FEM transient state (time domain) The FEM time-domain solver is used to analyze transient state electromagnetic fields, applicable on time domain reflectometry (TDR), lighting strikes, ground penetrating radar (GPR), electrical static discharge (ESD), electromagnetic interference (EMI), and other typical application fields. Through the high-precision meshing technology similar to the frequency-domain solver, time-domain analysis of high-precision can be obtained without repeated adjustments for meshing or complex numerical analysis procedures such as discriminant numerical convergence. The time-domain solver can be supplementary to the frequency-domain HFSS solver, allowing the engineers to comprehend the time domain and frequency domain electromagnetic characteristics on the same mesh.
Integral equation Integral equation (IE) solver uses 3D method of moments (MoM) technology to effectively solve the open radiation and scattering problems. The IE is suitable for scattering studies of antenna design, antenna placement, and radar cross-section (RCS). Such solver uses multilevel fast multipole method (MLFMM) or adaptive cross approximation (ACA) to reduce simulation resources and time for the solution.
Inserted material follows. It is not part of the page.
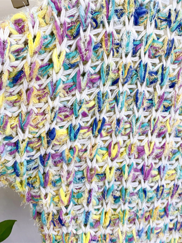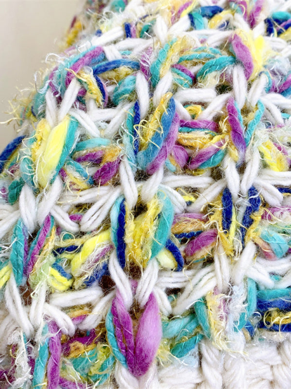 Women's Thick Knitted Colorful Hand-Knitted Sweater Jacket Lazy Style Outer Top
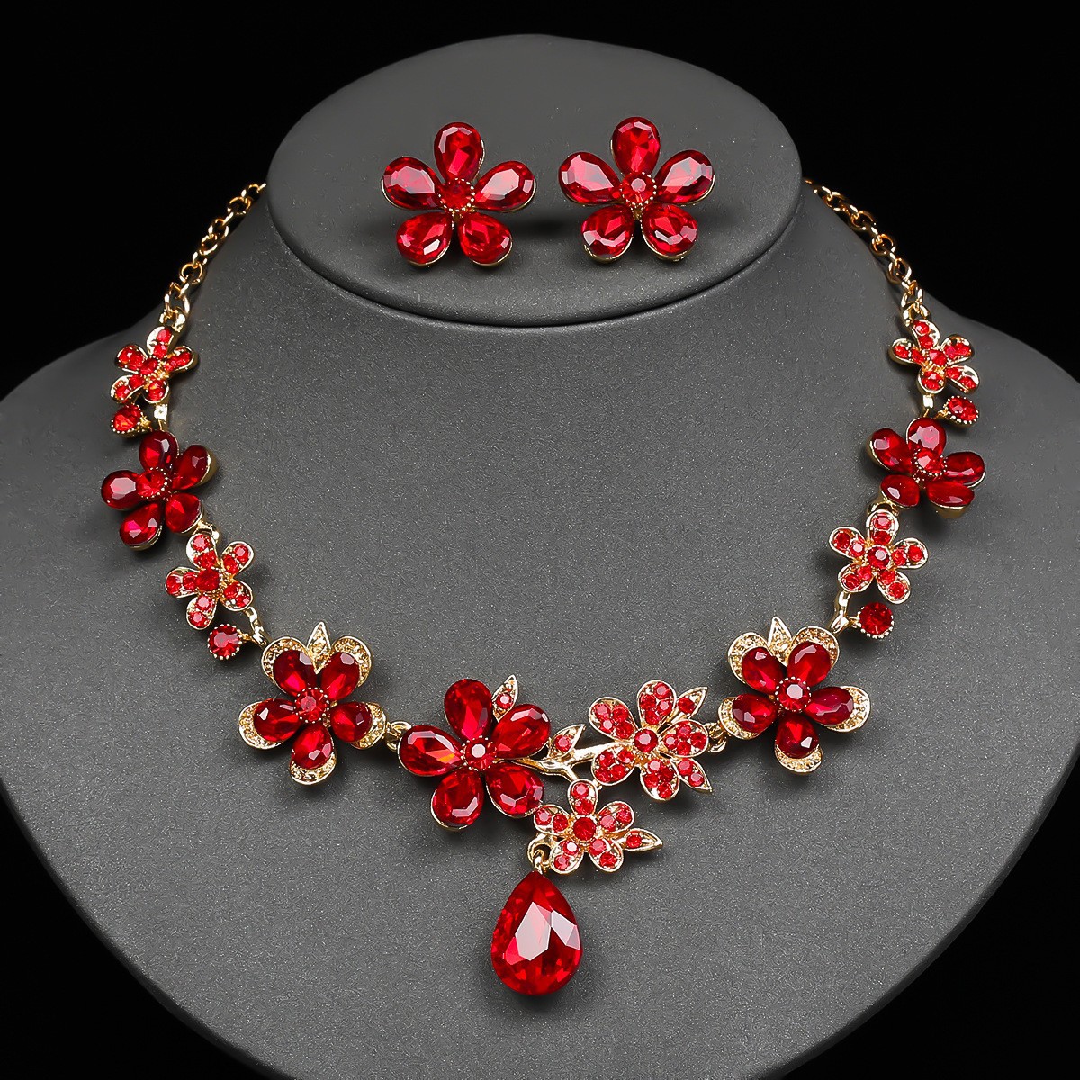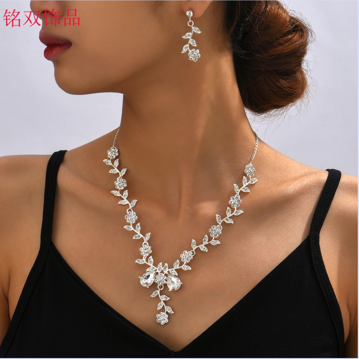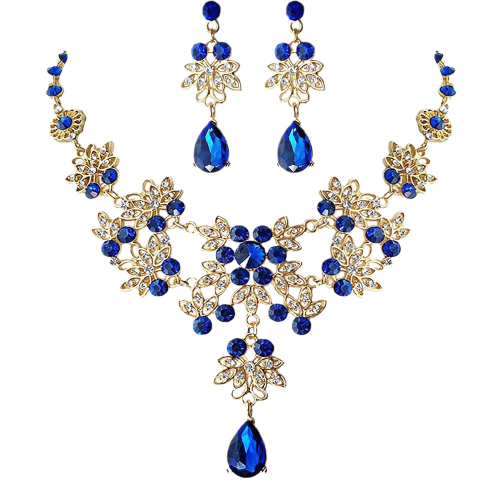 European and American Necklace and Earrings Set for Women Cross-Border Jewelry Crystal Water Alloy Bridal Wedding Jewelry Flower Retro Style

Large-scale problems can be solved by this tool.
Ansys HFSS SBR+ SBR+ is the only commercial electromagnetic solver that can achieve SBR, while it can adopt methods including the physical theory of diffraction (PTD), the uniform theory of diffraction (UTD), and creeping way at the same time, analyzing the performance of the installed antenna on a large electrical platform with wavelengths of more than a thousand times. SBR+ uses ray tracing technology to conduct modeling analysis with the surface induction current on the antenna platform or the scattering geometric conditions of conductors and dielectrics. With the SBR+ solver, engineers can quickly and precisely predict the antenna far-field radiation pattern, near-field distribution, and coupling relationship between antennas (S parameters) of medium, large and extra-large platforms. It can execute transmission and reflection modeling in vehicles, aircraft, radome, and other large structures. In addition, HFSS SBR+ can efficiently conduct radar feature modeling, including ISAR imaging of large targets.
HFSS 3D Layout HFSS 3D layout is used on the layered geometric analysis and optimization platforms of PCB, IC packaging, and passive components. It is suitable for the analysis of the integrity of PCB and packaging signals. The application fields include high-speed serial links in areas with complex shunt, transmission lines on uneven planes of reference, planar antennas, and millimeter-wave circuits. Engineers can draw or import geometric shapes, analyze their electromagnetic features, and calculate the radiated field, impedance, propagation constant, S-parameter, or insertion/return loss. Antenna toolkit HFSS offers an antenna design toolkit, which is an independent and practical in-built application that can automatically execute the composition and creation of more than 50 types of antennas in geometric shapes. This tool allows the antenna designers to quickly model and analyze common antennas and helps the new users to learn HFSS for antenna design simulation. With just the frequency band and material, antenna models will be automatically composed and generated for further HFSS simulations.
HPC High-performance computing Ansys HPC conducts parallel computing to process large-scale and complex physical models, using multithreading, spectral decomposition method (SDM), domain decomposition method (DDM), and various hybrid processing methods to significantly increase solving efficiency and shorten the computing time.